_Entries provided_

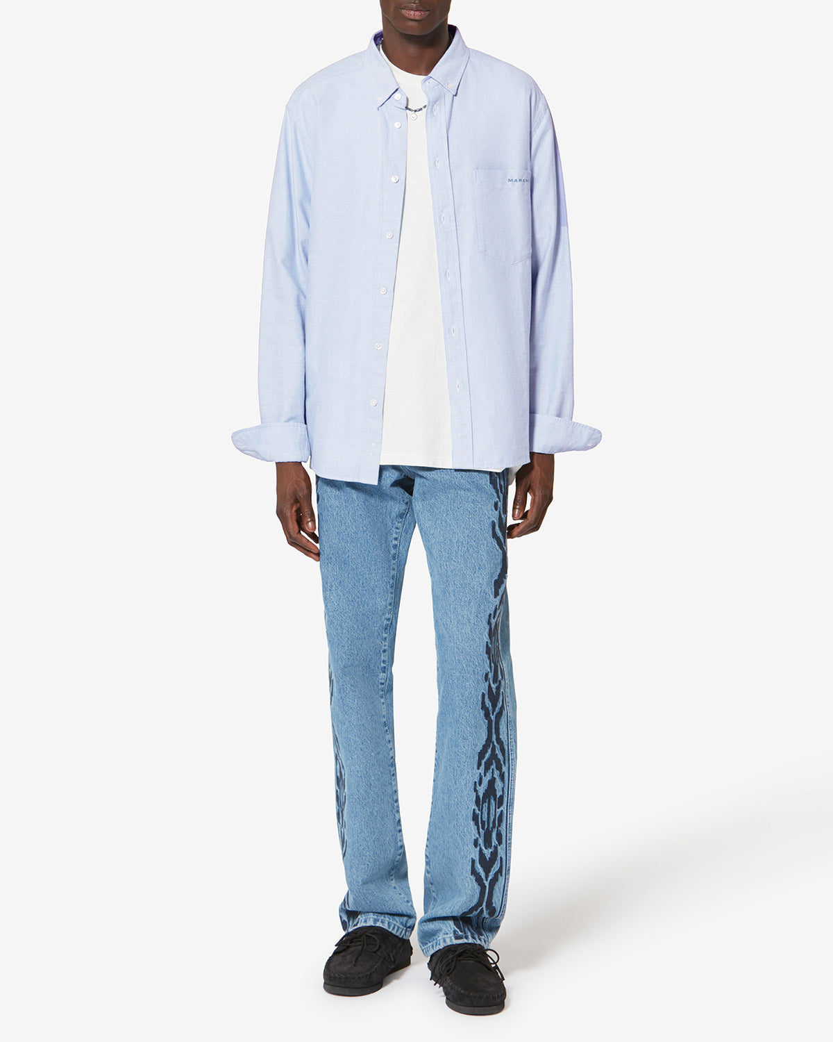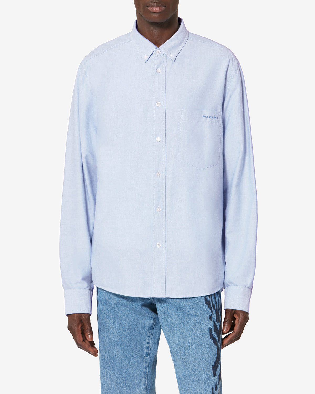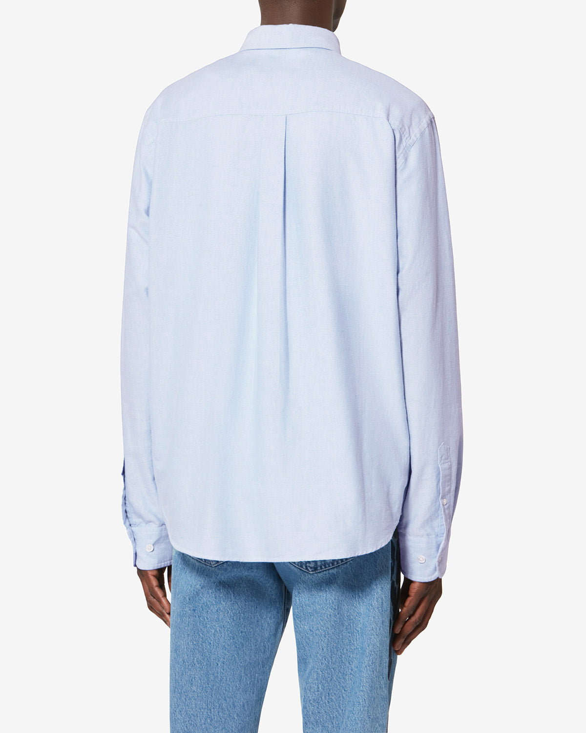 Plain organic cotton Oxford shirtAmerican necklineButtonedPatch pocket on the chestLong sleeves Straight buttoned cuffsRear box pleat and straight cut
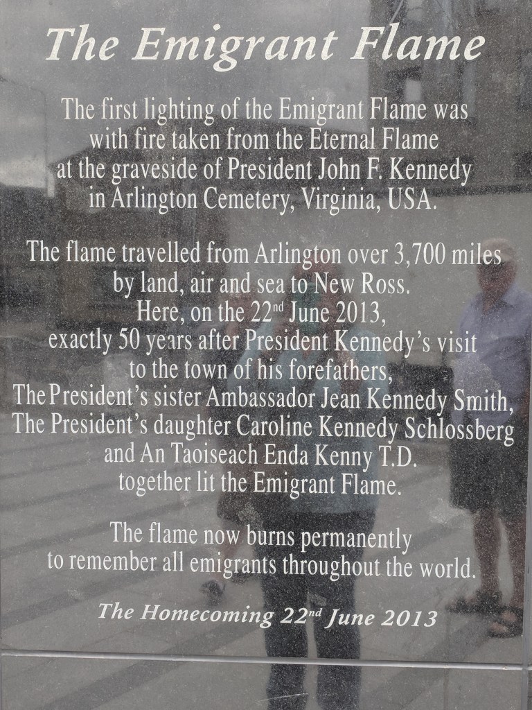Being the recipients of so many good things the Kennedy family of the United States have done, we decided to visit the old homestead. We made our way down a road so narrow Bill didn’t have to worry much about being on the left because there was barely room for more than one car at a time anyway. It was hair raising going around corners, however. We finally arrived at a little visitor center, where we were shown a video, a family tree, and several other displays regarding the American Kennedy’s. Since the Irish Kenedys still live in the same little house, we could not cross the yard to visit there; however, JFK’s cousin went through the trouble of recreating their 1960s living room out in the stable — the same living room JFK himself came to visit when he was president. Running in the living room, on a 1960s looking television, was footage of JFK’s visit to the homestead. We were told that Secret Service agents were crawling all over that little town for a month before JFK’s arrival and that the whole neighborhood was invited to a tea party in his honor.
==
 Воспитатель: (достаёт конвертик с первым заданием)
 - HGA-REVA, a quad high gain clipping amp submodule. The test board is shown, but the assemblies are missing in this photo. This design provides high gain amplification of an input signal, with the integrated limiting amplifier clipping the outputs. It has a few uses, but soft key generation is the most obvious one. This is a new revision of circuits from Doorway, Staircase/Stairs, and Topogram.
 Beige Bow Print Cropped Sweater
==
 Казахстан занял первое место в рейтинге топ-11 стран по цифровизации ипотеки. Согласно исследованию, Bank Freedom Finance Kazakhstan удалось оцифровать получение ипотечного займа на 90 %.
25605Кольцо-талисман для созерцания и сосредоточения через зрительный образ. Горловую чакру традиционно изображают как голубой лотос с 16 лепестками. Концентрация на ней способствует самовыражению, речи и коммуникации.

_Task description_
For this exercise, please output exactly the lines above starting at the line with "Казахстан занял первое" and ending at the line with "25605Кольцо-талисман для созерцания", ends included.

_Exercise result_
 Казахстан занял первое место в рейтинге топ-11 стран по цифровизации ипотеки. Согласно исследованию, Bank Freedom Finance Kazakhstan удалось оцифровать получение ипотечного займа на 90 %.
25605Кольцо-талисман для созерцания и сосредоточения через зрительный образ. Горловую чакру традиционно изображают как голубой лотос с 16 лепестками. Концентрация на ней способствует самовыражению, речи и коммуникации.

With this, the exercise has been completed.